Using a function in place of an operator

Question

So I am trying to make a program that does math operations based on user input, however I am running into an issue with trying to set the math operator based on what they give.

Function:

const operator(int val)
{
    if (val == 1)
    {
    return +;
    }
    if (val == 2)
    {
    return -;
    }
}

With a main code looking something like this

scanf("%d", val)
output = 4 operator(val) 2
printf("%d", output)

Is there a variable type that I can use in place of an operator? If not is there a way to make a variable/function reference a defined macro?

For example:

#define plus +

then reference the macro in the code?

Finally I am aware I could have if cases for each input, however this scales poorly for something like,

output = 2 operator(val) 5 operator(val) 7 operator(val) 3 

which would require 64 if statements I think to make it work.

Thank you for reading, I am at my wits end on this.

Answer 1

What you can do is using function pointers.

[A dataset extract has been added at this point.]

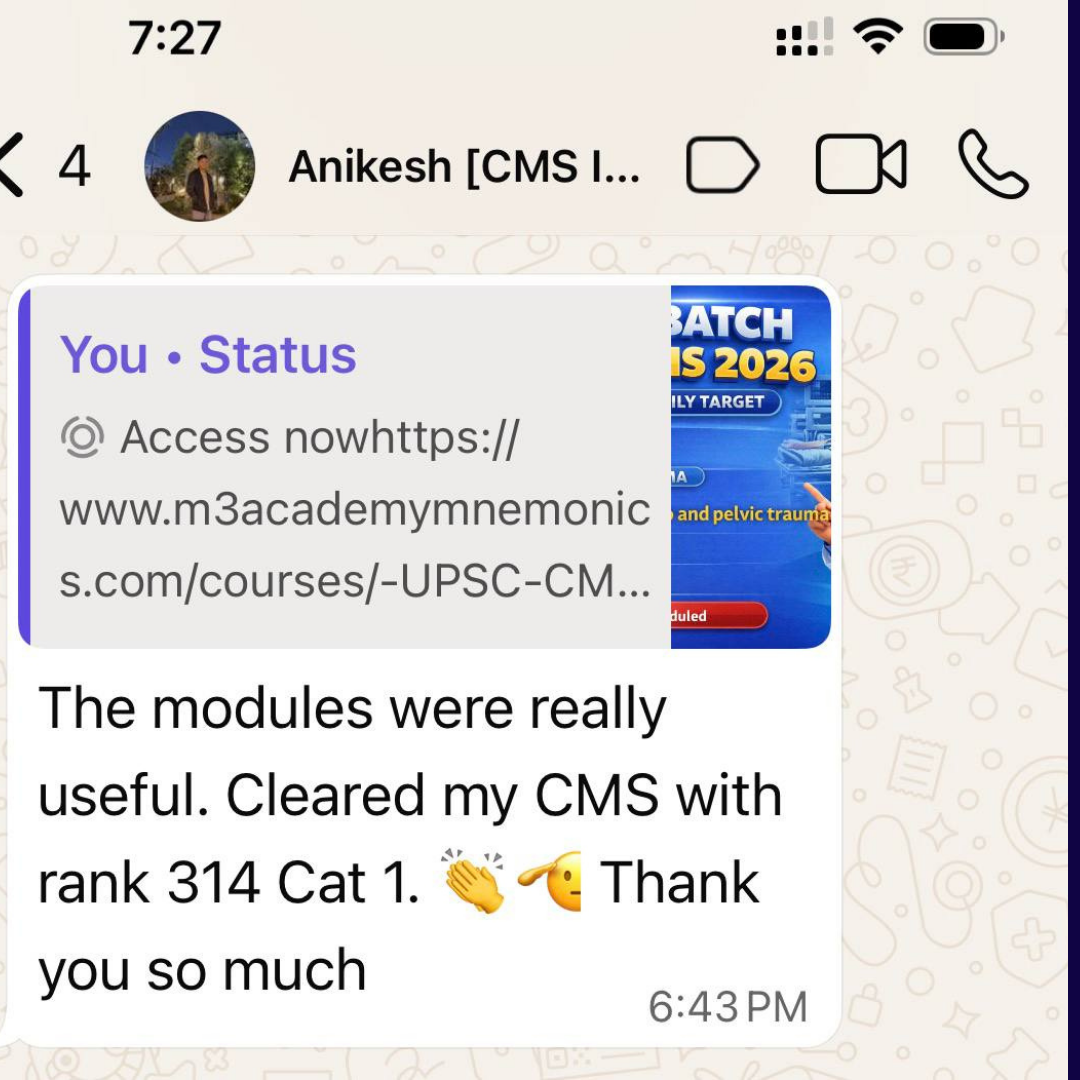 “M3 just made my NEET PG preparation so much easier! I could actually retain what I read for a longer time. The mnemonics and the way sir teaches — simply awesome! 💯 Grateful to the whole team for this incredible content. Another best part? Sir is always available, helping us in tough topics, and consistently creating new mnemonics to keep us on track. So thankful and motivated!”

Lets say you are restricting yourself to integers and add / subtract for this example:

int add(int a, int b)
{
    return a + b;
}

int subtract(int a, int b)
{
    return a - b;
}

// without typedef, the signature of get_operator would be really messy
typedef int (*arithmetic_func)(int,int);

arithmetic_func get_operator(int val)
{
    if (val == 1)
    {
        return &add;
    }
    if (val == 2)
    {
        return &subtract;
    }
    return NULL; // what to do if no function matches?
}

Instead of output = 4 operator(val) 2 you can write:

output = get_operator(val)(4, 2)

What happens there is, that the get_operator(val) function call is returning a function pointer to an actual arithmetic function. Then this actual arithmetic function is called with the (4, 2) as parameters.